Witam, Przyznam, że mocno rozczarował mnie artykuł poświęcony usłudze Steam na PS3. Za dużo miejsca poświęcono mało istotnym z mojego punktu widzenia sprawom typu możliwość grania z użytkownikami innych sprzętów. Ile osób w Polsce posiada komputer MAC i jednocześnie gra? Poza tym w przypadku kolejnych tytułów Valve może powrócić temat "dominacji" graczy Pecetowych nad konsolowymi (nie jestem fanboyem żadnej z platform, proszę doczytać do końca ). W Portalu 2, wiadomo, jedynie się współpracuje. Co będzie jednak z tytułami opartymi o współzawodnictwo, gdzie zestaw 'klawiatura+myszka=precyzja i szybkość' jest nie do pokonania? Tak swoją drogą nie obawiam się braku chętnych do zabawy jedynie w obrębie platformy PS3.
Stosunkowo mało powiedziano natomiast o najpoważniszej wadzie tej usługi, czyli likwidacji sprzedaży używanych kopii... a domyślam się, że jest to główny powód dla wprowadzenia jej przez Valve na platformie Sony. Nie dowiedziałem się też (jednoznacznie) z artykułu czy możliwa jest gra w Portal 2 na PS3 jedynie w oparciu o infrastrukturę PlayStation Network i z całkowitym pominięciem instalowania aplikacji Steam. Do zakupu gry aktualnie się przymierzam, ale jeśli okaże się, że Steam jest wymagany do zabawy (nawet single player), to rozważę opisany w artykule myk z utworzeniem konta tylko dla tej gry. Lub kupię wersję Xboksową.

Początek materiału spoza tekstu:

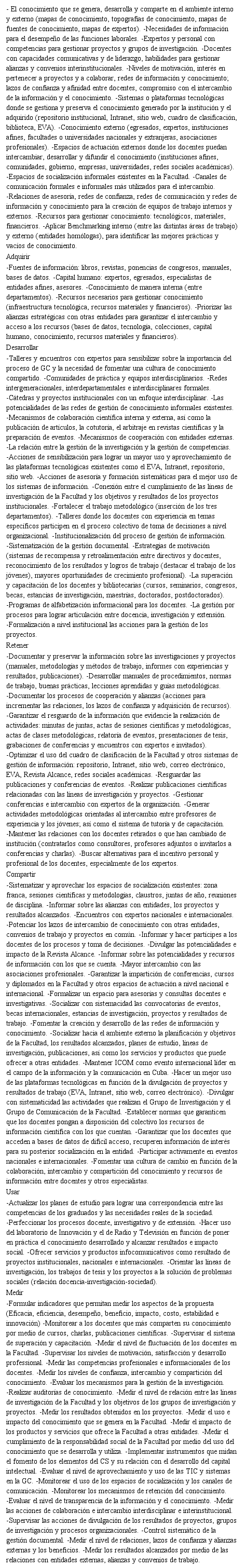 En el diagnóstico se comprobó que se realizan acciones de GC pero de una manera informal y sin sistematización, lo que corrobora la necesidad de la institucionalización de dicho proceso como apoyo al logro de sus objetivos estratégicos y al desarrollo de su capital intelectual. De manera general, los elementos señalados por los docentes permitieron determinar que se reconoce la importancia del proceso, además de la necesidad de aprovechar los espacios de socialización, las tecnologías y los canales de comunicación en función del desarrollo del conocimiento a nível organizacional y por medio de las relaciones con otras entidades.

Zresztą sam artykuł powstał jakby ciutkę zbyt wcześnie, bo wiele spraw jest jeszcze w sferze niewiadomych. Jeżeli dla przykładu okaże się, że Steamowy sklep na PS3 niewiele będzie się różnił od PeCetowego, to z punktu widzenia polskiego gracza pozostanie jedynie dołączenie do łowców okazji, bo kupno gier w normalnych cenach będzie się mijało z sensem (gdzie te niższe koszty wydania wersji cyfrowych, ja się pytam? ).